Dataset content

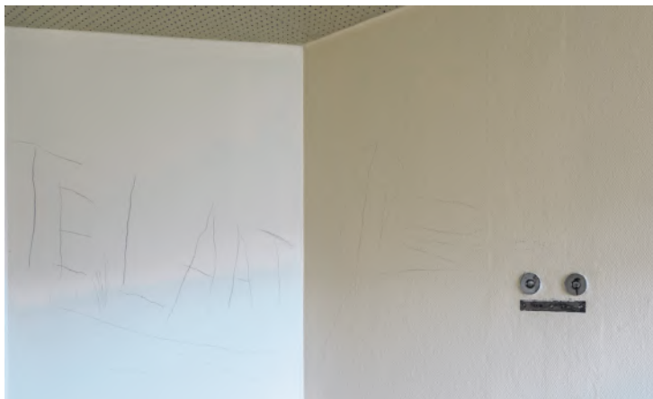
Muur van de isoleercel.
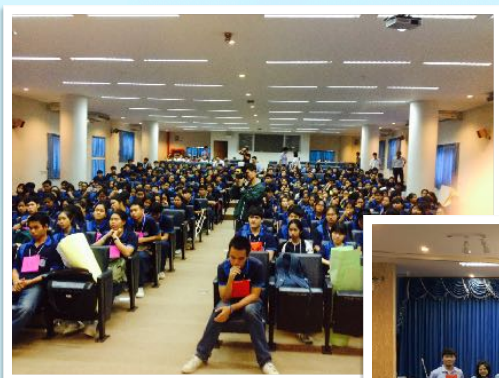
22 ส.ค. 2558 วิทยากรค่ายเสริมสร้างจิตสำนึกครู ณ คณะศึกษาศาสตร์
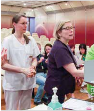
A kézhigiéné maraton igazi nyertesei a betegek, hiszen a tesztek során kiderült, hogy a kórházi dolgozók higiénés szaktudása megfelelő

A kórház Romhányi-auditóriumában várták a munkatársakat múlt héten szombaton, akik az alapos fertőtlenítést követően szkenneres vizsgálatnak vetették alá magukat. A berendezésnek köszönhetően másodpercek alatt kiderült, ki, milyen alapos volt, majd elméletben, egy teszt kitöltésével is bizonyítaniuk kellett a résztvevőknek a higiénés tudásukat. Végül sorsolás útján dőlt el, hogy a legjobban teljesítő csapatok közül az Ápolási Osztály munkatársai győzedelmeskedtek, ők nyerték meg a fődíjat, egy tortát.

Work to complete
Apart from the images, every line above needs to be printed again exactly.

Answer for this exercise
Muur van de isoleercel.
22 ส.ค. 2558 วิทยากรค่ายเสริมสร้างจิตสำนึกครู ณ คณะศึกษาศาสตร์
A kézhigiéné maraton igazi nyertesei a betegek, hiszen a tesztek során kiderült, hogy a kórházi dolgozók higiénés szaktudása megfelelő

A kórház Romhányi-auditóriumában várták a munkatársakat múlt héten szombaton, akik az alapos fertőtlenítést követően szkenneres vizsgálatnak vetették alá magukat. A berendezésnek köszönhetően másodpercek alatt kiderült, ki, milyen alapos volt, majd elméletben, egy teszt kitöltésével is bizonyítaniuk kellett a résztvevőknek a higiénés tudásukat. Végül sorsolás útján dőlt el, hogy a legjobban teljesítő csapatok közül az Ápolási Osztály munkatársai győzedelmeskedtek, ők nyerték meg a fődíjat, egy tortát.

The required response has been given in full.